> **STORED DATA**:
==========
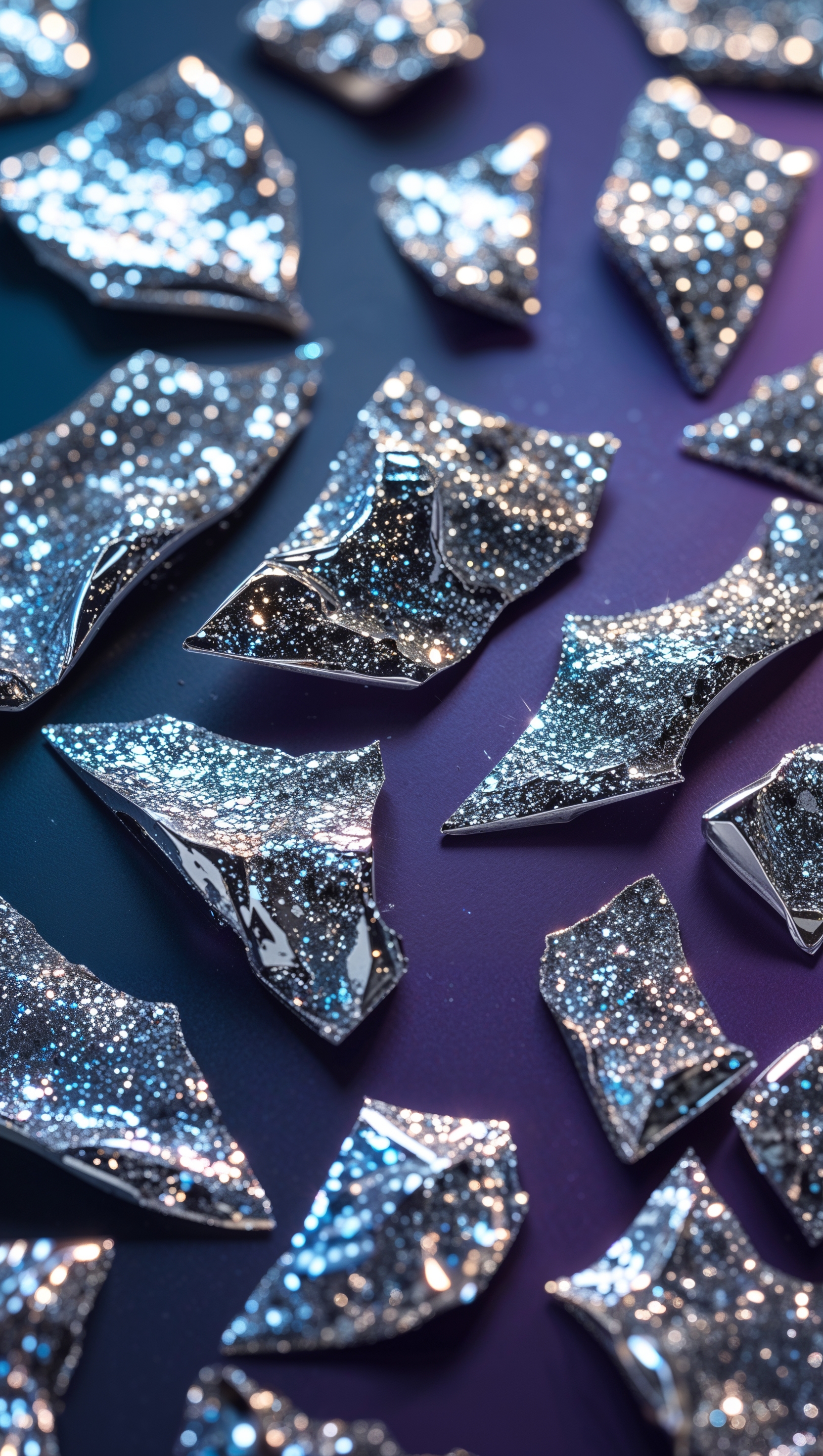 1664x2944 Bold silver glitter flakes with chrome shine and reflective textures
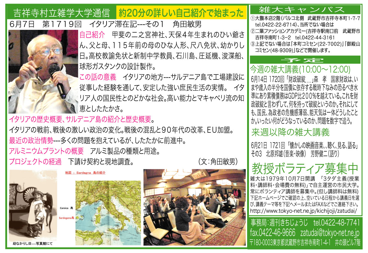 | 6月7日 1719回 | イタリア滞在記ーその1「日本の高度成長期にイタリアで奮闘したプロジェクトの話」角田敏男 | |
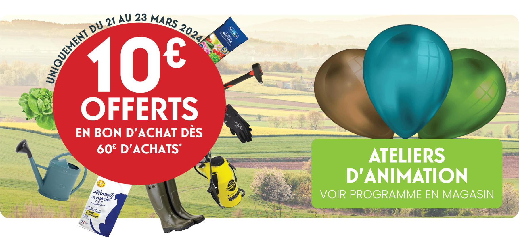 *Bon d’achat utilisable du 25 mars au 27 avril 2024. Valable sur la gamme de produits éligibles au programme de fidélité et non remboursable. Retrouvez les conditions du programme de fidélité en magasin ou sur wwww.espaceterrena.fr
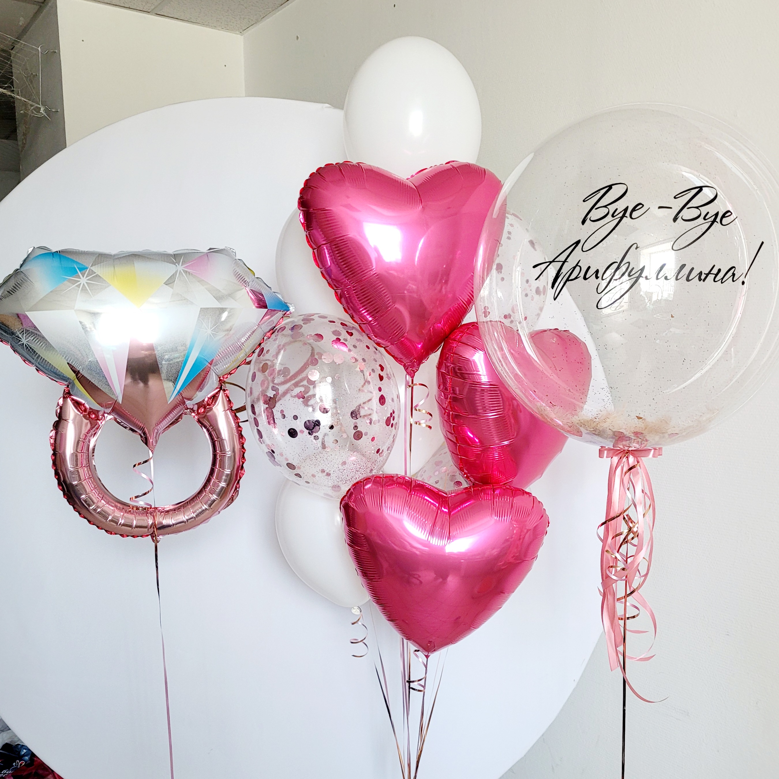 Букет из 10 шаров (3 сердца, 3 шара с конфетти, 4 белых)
==========
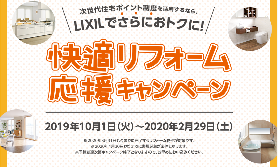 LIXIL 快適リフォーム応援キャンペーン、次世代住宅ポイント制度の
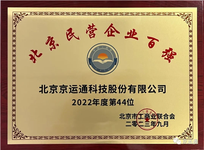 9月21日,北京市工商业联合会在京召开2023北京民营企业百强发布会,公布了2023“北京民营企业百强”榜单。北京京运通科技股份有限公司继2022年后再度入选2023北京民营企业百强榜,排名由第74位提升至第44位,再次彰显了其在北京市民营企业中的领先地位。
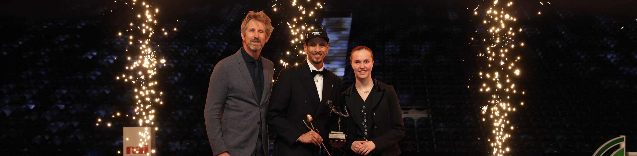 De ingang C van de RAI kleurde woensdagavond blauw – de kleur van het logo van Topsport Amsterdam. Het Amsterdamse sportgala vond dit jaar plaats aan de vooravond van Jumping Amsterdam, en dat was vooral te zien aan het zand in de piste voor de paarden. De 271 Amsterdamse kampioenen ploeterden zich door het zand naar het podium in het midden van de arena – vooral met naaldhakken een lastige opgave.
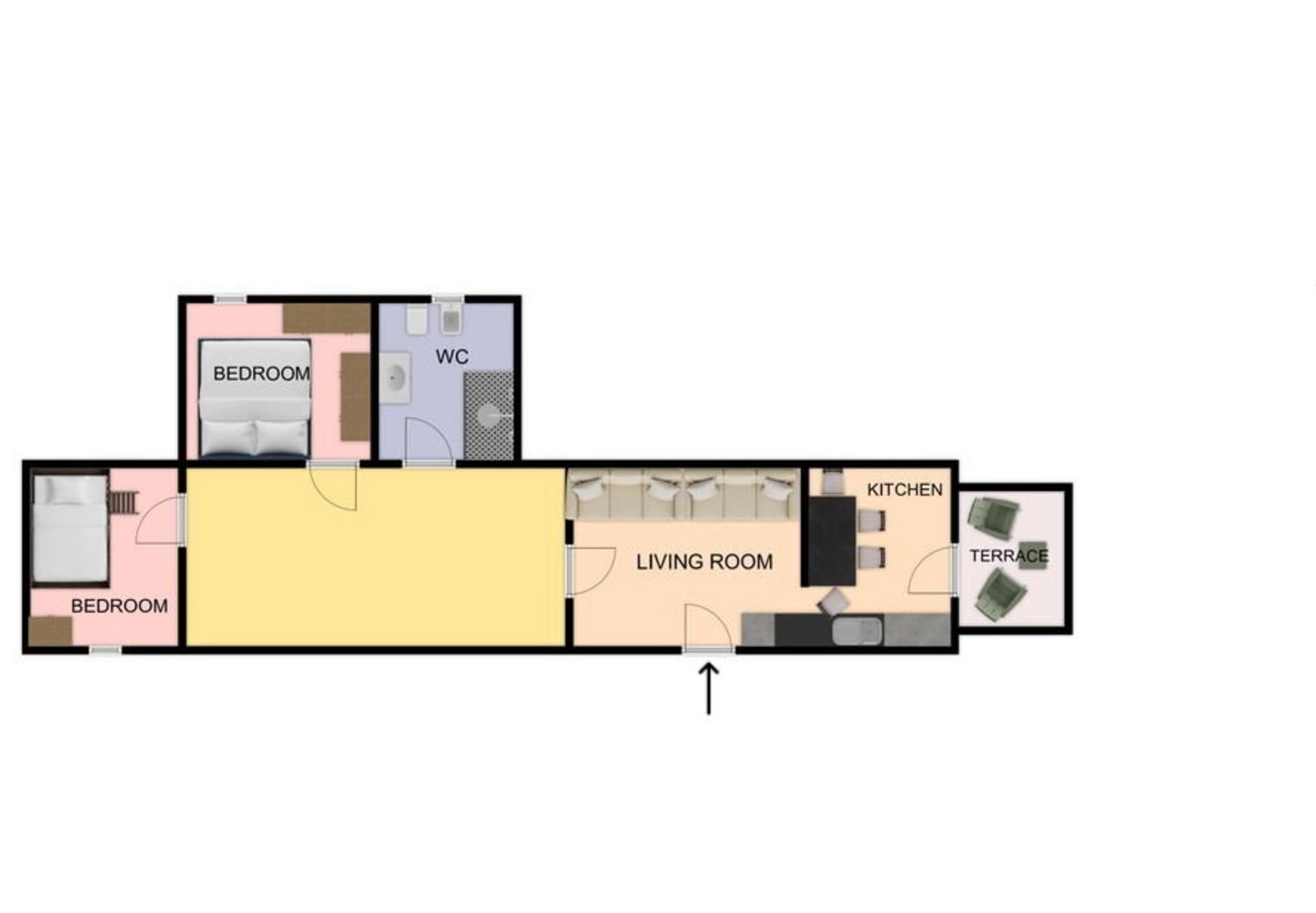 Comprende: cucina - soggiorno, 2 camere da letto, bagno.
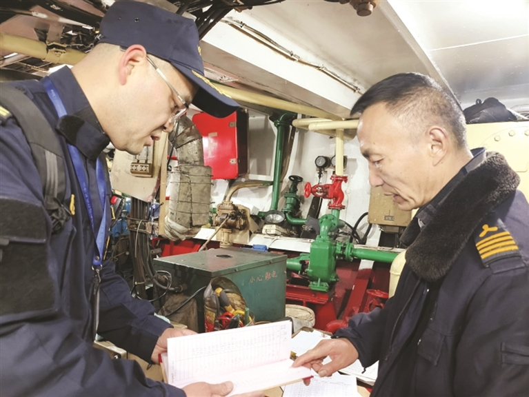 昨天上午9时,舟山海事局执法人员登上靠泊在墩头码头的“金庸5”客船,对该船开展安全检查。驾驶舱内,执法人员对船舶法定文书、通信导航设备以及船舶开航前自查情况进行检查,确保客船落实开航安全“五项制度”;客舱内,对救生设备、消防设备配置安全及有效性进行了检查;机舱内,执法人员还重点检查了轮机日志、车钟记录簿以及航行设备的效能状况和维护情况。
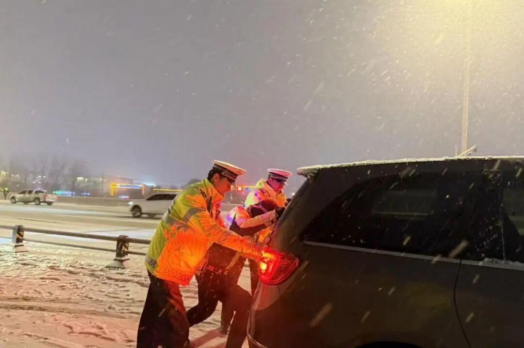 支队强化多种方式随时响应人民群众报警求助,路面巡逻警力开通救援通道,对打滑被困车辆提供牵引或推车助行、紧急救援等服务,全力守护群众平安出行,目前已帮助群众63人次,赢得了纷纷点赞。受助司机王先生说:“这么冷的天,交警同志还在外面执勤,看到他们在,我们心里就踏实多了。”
==========
> **WHAT THE TASK ASKS**: Copy nothing but the lines above that run from the one with "LIXIL 快適リフォーム応援キャンペーン、次世代住宅ポイント制度の" to the one with "9月21日,北京市工商业联合", ends included; pictures stay out.

> **OUTPUT**:
 LIXIL 快適リフォーム応援キャンペーン、次世代住宅ポイント制度の
 9月21日,北京市工商业联合会在京召开2023北京民营企业百强发布会,公布了2023“北京民营企业百强”榜单。北京京运通科技股份有限公司继2022年后再度入选2023北京民营企业百强榜,排名由第74位提升至第44位,再次彰显了其在北京市民营企业中的领先地位。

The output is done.